As of January 2017, there are around 12,000 agricultural cooperatives in Vietnam, with only 193 being high-tech cooperatives. Around 85 percent of these focus on plantation and forestry, while nine percent and six percent focus on animal husbandry and aquaculture respectively. Around two-thirds of the country’s 63 provinces and cities have established high-tech cooperatives, with Central Highlands and Mekong Delta leading with 57 and 35 cooperatives respectively. Lam Dong and Long An lead amongst provinces, at 36 and 14 cooperatives respectively.
The Vietnamese government has introduced a number of policies and incentive schemes to attract private firms and encourage local producers to shift towards high-tech agriculture applications. In March 2017, the Prime Minister had approved a credit package worth US$4.4 billion (VND100 trillion) for high tech application loans. The loan package will allow commercial banks to provide loans at 0.5 to 1.5 percent, much lower than current commercial loans rates.
The government had also issued Decree 57/2018/ND-CP focusing on incentives and policies to increase investments in agriculture and development of rural areas. It focuses on land rights and rents, reductions and exemptions in taxes, and financial support from provincial and national development programs for R&D and technology transfer.

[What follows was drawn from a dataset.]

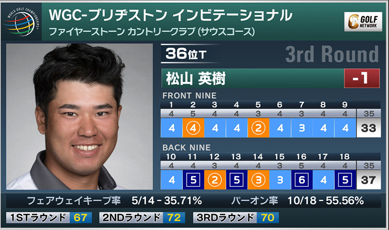 米男子ツアーの世界選手権(WGC)シリーズのWGC-ブリヂストンインビテーショナル(現地時間4日/オハイオ州ファイヤーストーンCC)第3ラウンドが終了。大会連覇を狙う松山英樹は4バーディ、4ボギーのイーブンパー「70」で、通算1アンダー36位タイで3日目を終えた。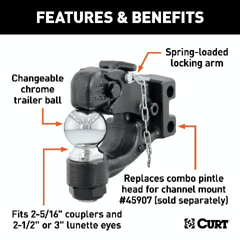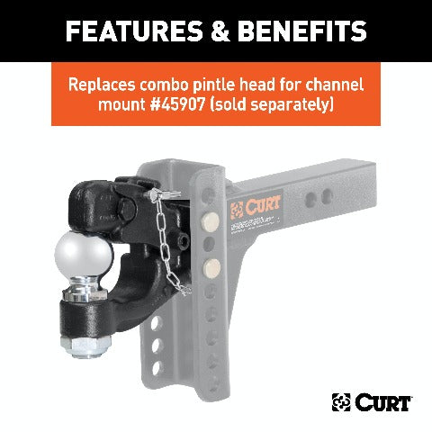 This replacement ball and pintle combination head offers versatile towing options and is designed to fit the CURT adjustable channel mount #45907. It features a standard 2-5/16-inch diameter trailer ball to fit any 2-5/16-inch trailer coupler. With its integrated spring-loaded arm, the ball-pintle combination can also be coupled to a 2-1/2-inch or 3-inch lunette ring (inside diameter). NOTE: Includes pintle attachment only. Channel mount sold separately.

The Prime Minister has approved a master plan on developing high-tech agriculture zones by 2020 through 2030. The plans aim to develop large-scale and modern agriculture production methods through R&D to increase quality and reduce costs. By 2030, the country aims to have at least 10 more hi-tech agricultural zones in Lao Cai, Phu Tho, Son La, Nam Dinh and Nghe An provinces and Hanoi.
In addition, the government also plans to have at least 500 hi-tech agricultural cooperatives and increase the high-tech farming production value by five times by 2020. Around 60 percent of the cooperatives would be located in production hubs such as Mekong River Delta, Red River Delta, Central Highlands, and around 30 to 40 percent of them would use automation technology models and biotechnology from the current 17 percent.
Apart from the incentives, development programs, and investments, the government will continue to reach out to countries experienced in such technologies such as Israel, South Korea, and Japan to develop training programs for high-tech farming to support local producers.
Need to do more
In addition to the development of cooperatives and agricultural zones, the government needs to increase the linkages of such entities with firms and buyers for the overall development of the value chain.
Another crucial area the State needs to invest in is training, as labor quality continues to remain low in the agriculture sector. They can do so through vocational training centers or training programs focusing on areas such as water preservation, biotech, and new material technology. The local producers need to be educated about the benefits of high-tech farming such as reduced costs, better quality, and higher production value and how it can help them to cope with the effects of climate change.